Nel Macellum di Pompei, che affaccia sul foro di Pompei, sono state allestite e collocate, in questi giorni, tre teche con i calchi delle vittime dell’eruzione del Vesuvio. Cosa sono esattamente questi corpi chiari, di gesso? Cosa sta al centro di essi?
Ce lo spiegano gli archeologi del Parco archeologico di Pompei.
“Nel corso degli scavi di Pompei sono stati rinvenuti i resti di oltre mille vittime dell’eruzione del 79 d.C. Durante la prima fase eruttiva gli abitanti che non si erano allontanati in tempo dalla città rimasero intrappolati negli ambienti invasi da pomici e lapilli o furono investiti dai crolli provocati dal materiale eruttivo depositatosi fino a un’altezza di circa tre metri; di queste vittime si sono rinvenuti soltanto gli scheletri. Successivamente un flusso piroclastico, ad alta temperatura, investì Pompei a grande velocità, riempiendo gli spazi non ancora invasi dai materiali vulcanici e provocando la morte istantanea per shock termico di chi era ancora in città. I corpi di queste vittime rimasero nella posizione in cui erano stati investiti dal flusso piroclastico, e il materiale cineritico solidificatosi ne ha conservato l’impronta dopo la decomposizione. Poco più di un centinaio di calchi sono realizzati a partire dal 1863, grazie al metodo perfezionato da Giuseppe Fiorelli.”
“I calchi delle vittime, esposti in vetrine di metallo e vetro, sono molto ammirati già nel primo “Museo Pompeiano”, allestito da Fiorelli nel 1873-1874. I numerosi calchi realizzati nel corso del Novecento sono invece generalmente lasciati a vista sul luogo del rinvenimento, in vetrine o protetti da tettoie”.

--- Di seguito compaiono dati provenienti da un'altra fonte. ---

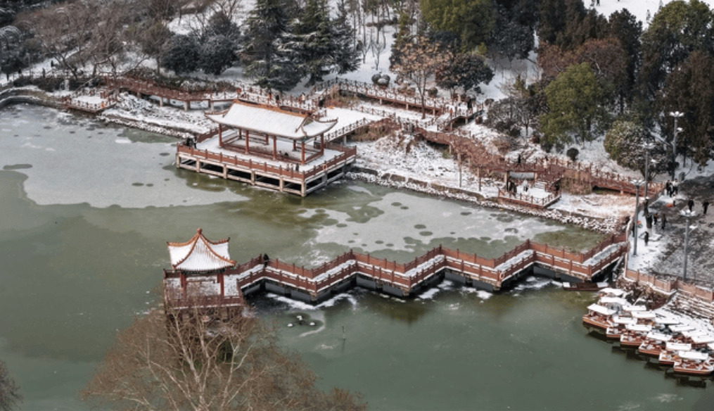 一场大雪过后,空中俯瞰平顶山这座城市,熟悉的街道也变了模样,处处银装素裹,目之所及皆是如画雪景。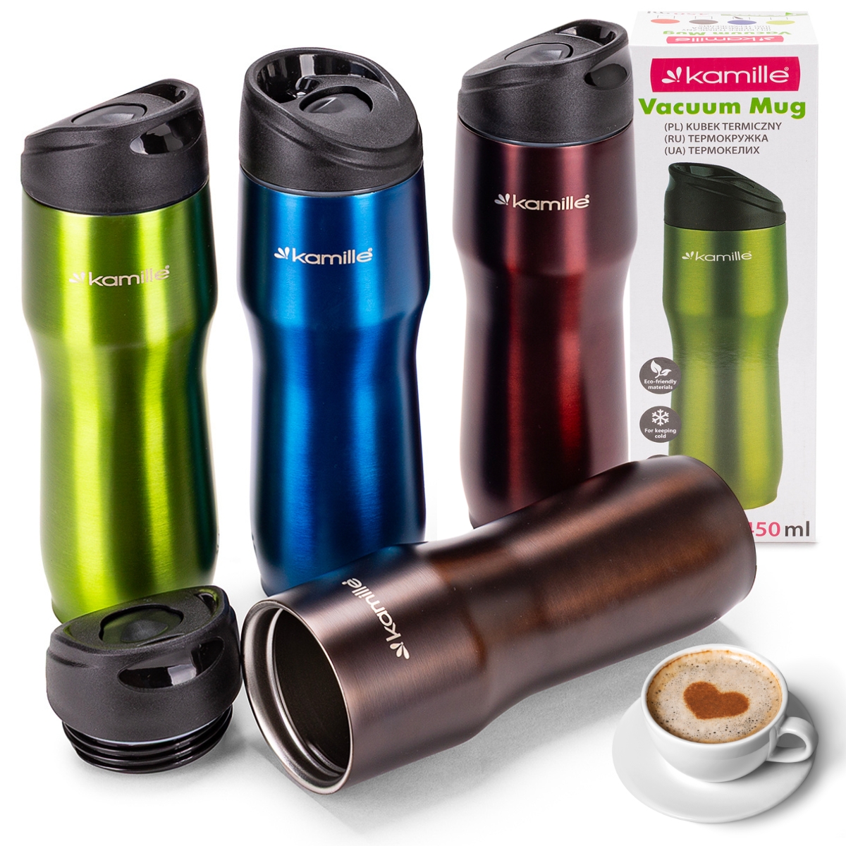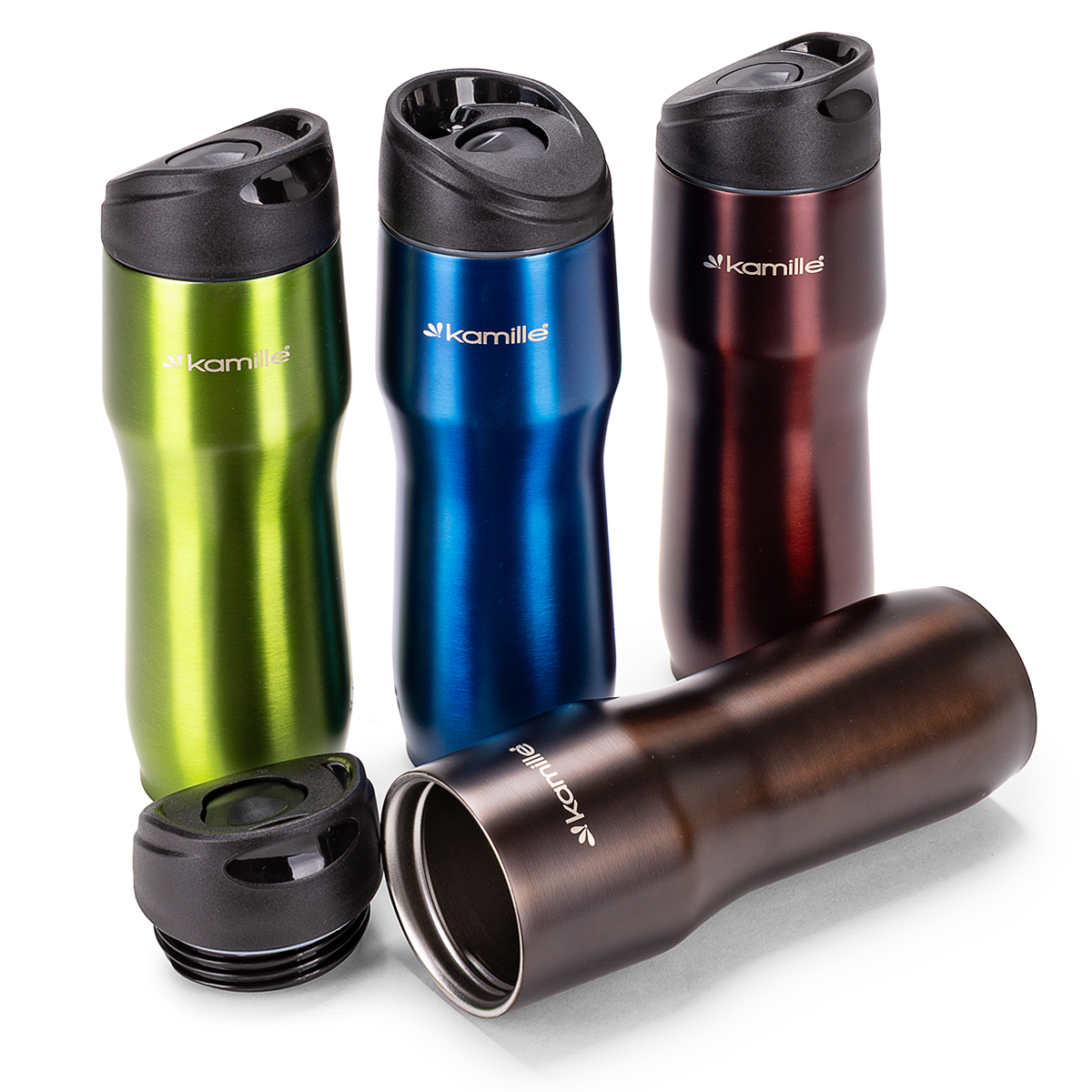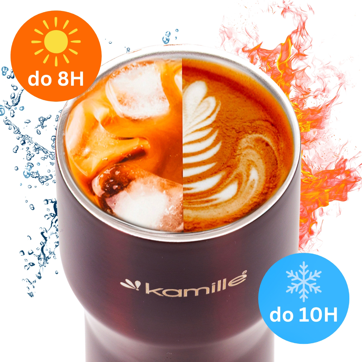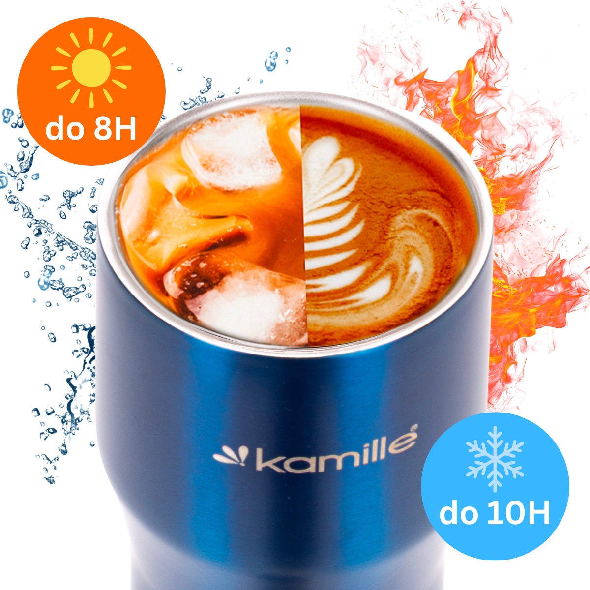 Kubek termiczny sportowy KAMILLE jest niezbędny w samochodzie, idealnie nadaje się do pracy lub szkoły jak w chłodniejsze tak i ciepłe dni. Wykonany z wysokiej jakości stali nierdzewnej 18/10, która jest ekologiczna i bezpieczna dla zdrowia. Doskonale trzyma ciepło lub zimno i jest w 100% szczelny. Designerskie wykonanie w przepięknych kolorach. Prosty i wygodny w obsłudze, odporny na wstrząsy.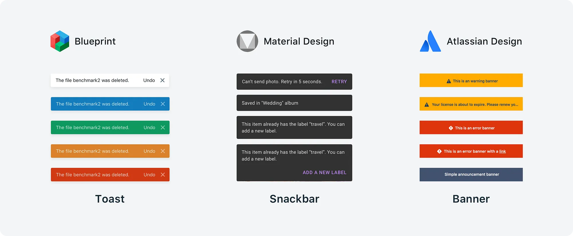| 사용 목적 | 컨텍스트가 있는 작업 피드백 제공. 예: "저장되었습니다. [실행 취소]" | 단순 피드백 제공. 예: "복사되었습니다." |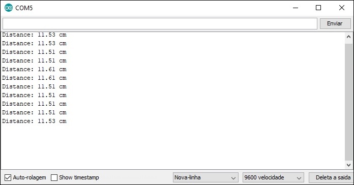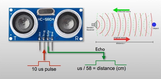 Primeiramente é enviado um pulso de 10µs, indicando o início da transmissão de dados. Depois disso, são enviado 8 pulsos de 40 KHz e o sensor então aguarda o retorno (em nível alto/high), para determinar a distância entre o sensor e o objeto, utilizando a equação Distância = (Tempo echo em nível alto * velocidade do som) /2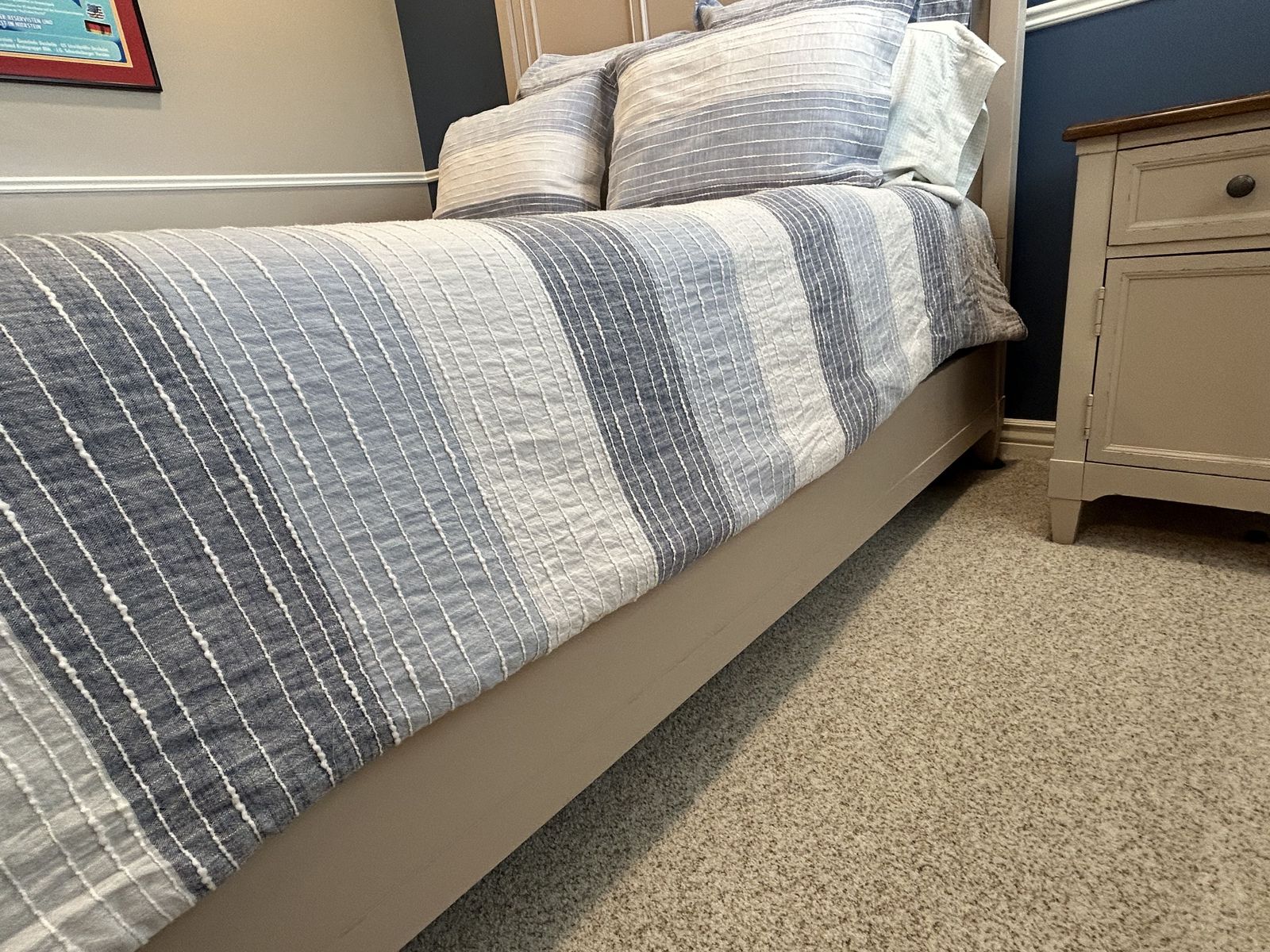 Entire set is is good condition, and ready to use immediately (with the addition of a mattress). (Comforter and linens in photo are not included.)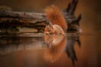 Dieses Eichhörnchen hat eine Nuss im Wasser gefunden und musste sie einfach haben. Zusammen mit der schönen Spiegelung im Wasser und den herbstlichen Farben war es für mich der absolute Hit.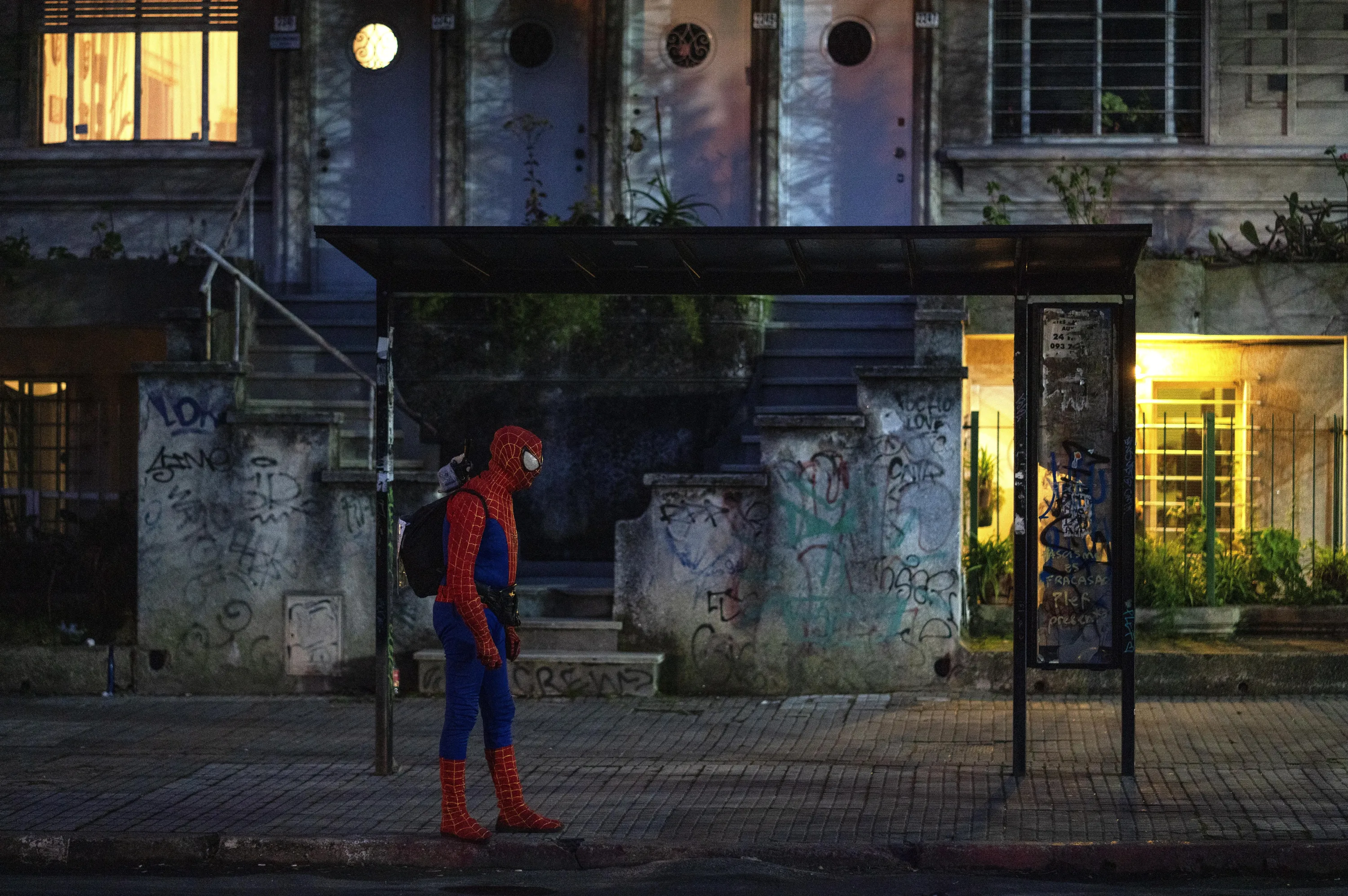 A man wearing a Spiderman costume waits for the bus amid the new coronavirus pandemic in Montevideo, Uruguay, Sunday, August 2, 2020. After more than four months closed due to measures to curb the spread of the new coronavirus, cinemas, museums and theaters will re-open in Uruguay Monday, with social distancing protocols. (Photo by Matilde Campodonico/AP Photo)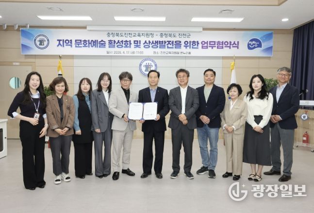 광장일보 이현나 기자 | 충북 진천군과 진천교육지원청은 17일 진천교육지원청 온누리홀에서 ‘지역 문화예술 활성화와 상생발전’을 위한 업무협약을 체결했다고 밝혔다.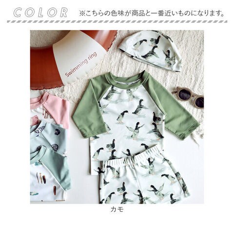ベビー キッズ 水着 セパレート 帽子付き UVカット【カモ】【120cm】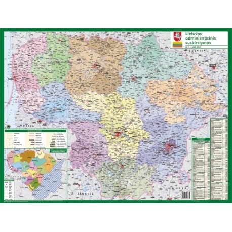 Lietuvos administracinis suskirstymas M 1:600 000 (1 cm - 6 km), laminuotas.

“Nel 1984 – spiegano gli esperti del Parco archeologico di Pompei – fu utilizzata invece una diversa tecnica per la riproduzione dei calchi : fu realizzato infatti un calco in resina eseguito su una delle vittime venute alla luce in un ambiente della Villa di Lucius Crassius Tertius di Oplontis. Quest’ultimo sistema sperimentato integra il metodo del calco in gesso ideato da Fiorelli con quello della fusione a cera della statuaria in bronzo, permettendo di realizzare un calco trasparente che rende visibile lo scheletro, consentendo l’individuazione e il recupero di gioielli e oggetti che le vittime portavano con sé al momento della fuga.
Le fasi di realizzazione di un calco
(disegni di U. Cesino)
“Il metodo ideato da Giuseppe Fiorelli ed utilizzato tuttora per la realizzazione di calchi è molto semplice. La cenere, indurita, costituisce quello che viene comunemente chiamato “tuono”, uno strato molto resistente. – affermano gli studiosi del Parco archeologico di Pompei – E’ in questa cenere indurita che spesso gli archeologi rinvengono dei vuoti, causati dalla decomposizione di sostanze organiche: può trattarsi di elementi in legno come mobili, infissi, oggetti ma anche di corpi degli individui.
Nel vuoto viene quindi versata una miscela di gesso ed acqua fino a riempirlo totalmente. Lasciato asciugare il gesso, si può procedere nello scavo e si mette in luce ciò che aveva determinato il vuoto: la cenere indurita ha conservato infatti, come uno stampo, il volume, la forma e la posizione dell’oggetto o del corpo che era stato sepolto”.
“Questa impronta di gesso solidificato è chiamato calco. Può includere alcune parti che non si sono decomposte, per esempio le ossa dell’individuo o gli oggetti in metallo che indossava o recava con sè; può presentare sulla superficie l’impronta della trama dei tessuti che lo ricoprivano e che si sono anch’essi decomposti o di cui restano talvolta solo minime tracce.
In questi particolari casi dunque, a differenza di tutti gli altri siti archeologici, non si conservano solo gli scheletri degli individui, ma addirittura la loro forma reale, il loro aspetto esterno, il loro abbigliamento, le loro fattezze, i loro gesti, anche se quelli tragici della loro agonia”.